Alle Anwesenden blickten auf den Schech, keiner aber mit solchen Augen und solchem Ausdrucke wie Abd es Sirr, der »Sohn des Geheimnisses«. Er hatte mit dem »Sohne der Treue« abseits gesessen und war, als er den Fremden erblickte aufgesprungen, um den Blick nicht wieder von ihm zu lassen.

»Was hast du? Wer ist es? Kennst du ihn?« fragte Ben Wafa.

»Ich – – ich – – ja, ich muß ihn kennen,« antwortete Abd es Sirr, indem seine Augen immer größer wurden.

»Nun, wer ist er?«

»Das – das – – weiß ich nicht.«

»Wenn du ihn kennst, mußt du es doch wissen!«

»Ich – ich kann mich nicht besinnen.«

Er legte die Hände an den Kopf, wie um mit dieser Berührung von außen seinem Gedächtnisse zu Hilfe zu kommen, doch vergeblich. Er ging hin und her, sprach halblaut mit sich selbst, setzte verschiedene Namen aus Silben zusammen, kauerte sich dann wieder neben Ben Wafa nieder, kurz, er that ganz so wie einer, welchem, wie man sich auszudrücken pflegt, ein Wort auf der Zunge liegt, ohne daß es über die Lippen will. Schließlich legte er sich gar lang auf die Erde, grub mit den Fingern Löcher, als ob er den gesuchten Namen ausgraben könne, schlug und strampelte mit den Füßen, ohne aber seinen Zweck zu erreichen.

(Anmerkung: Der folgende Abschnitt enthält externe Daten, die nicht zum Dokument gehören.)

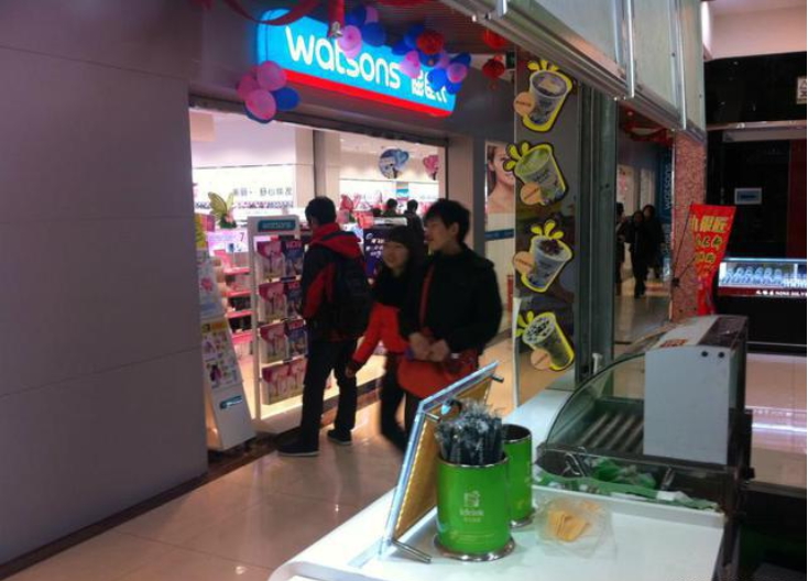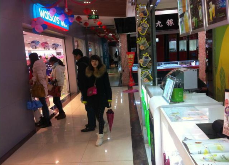 本店是全国加盟店。位于光谷步行街一期。位于整个商圈中庭部位。麦当劳。屈臣氏。摩提工坊。各种包包服饰。小吃都有。是7字形门面。正面有3.8M的门头。侧面有1.5M的门头。建面14平。还有个2平左右的小仓库。店子就位于楼梯旁。位于屈臣氏的进口处。离屈臣氏口子不到2米。
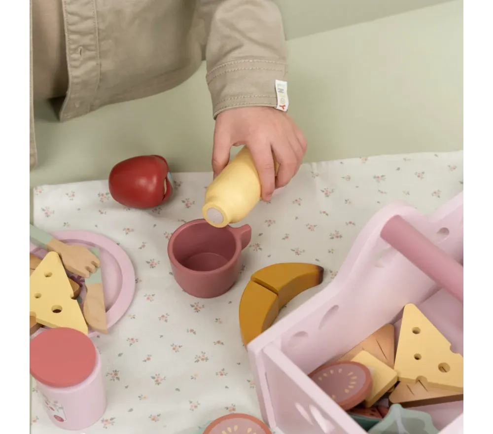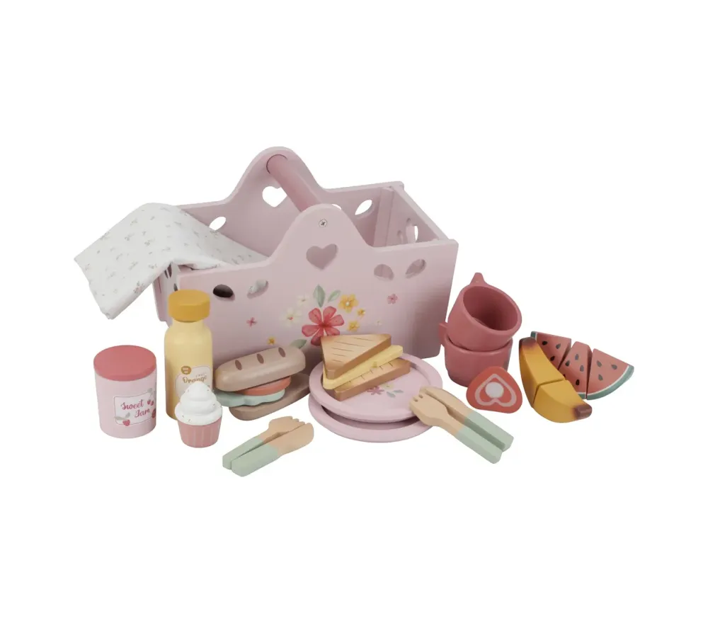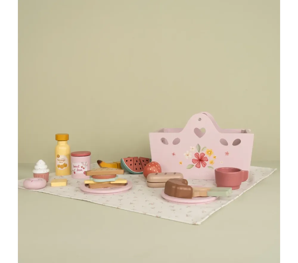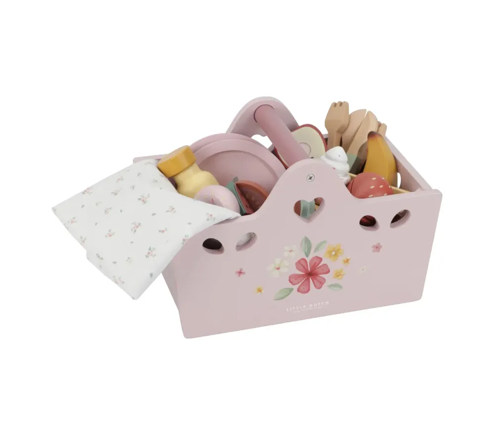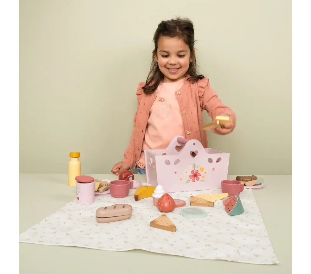 Un meraviglioso set da picnic in legno, con tantissimi accessori. Stoviglie, tovaglietta a tante prelibatezze dolci e salate, per tutti i gusti!

Indessen hatten Schwarz und Pfotenhauer dem Schech erzählt, was dieser wissen mußte, um mit der gegenwärtigen Lage vertraut zu werden. Er erfuhr, wer die beiden seien. und konnte sich vieles, ja das meiste nicht erklären. Nur das eine begriff er, daß es mit Abu el Mot aus sei, daß dieser ergriffen und dem gefürchteten »Vater der Fünfhundert« in Faschodah ausgeliefert werden solle. Das entzückte ihn, und er wäre am liebsten gleich jetzt marschiert, wenn seine Leute dagewesen wären.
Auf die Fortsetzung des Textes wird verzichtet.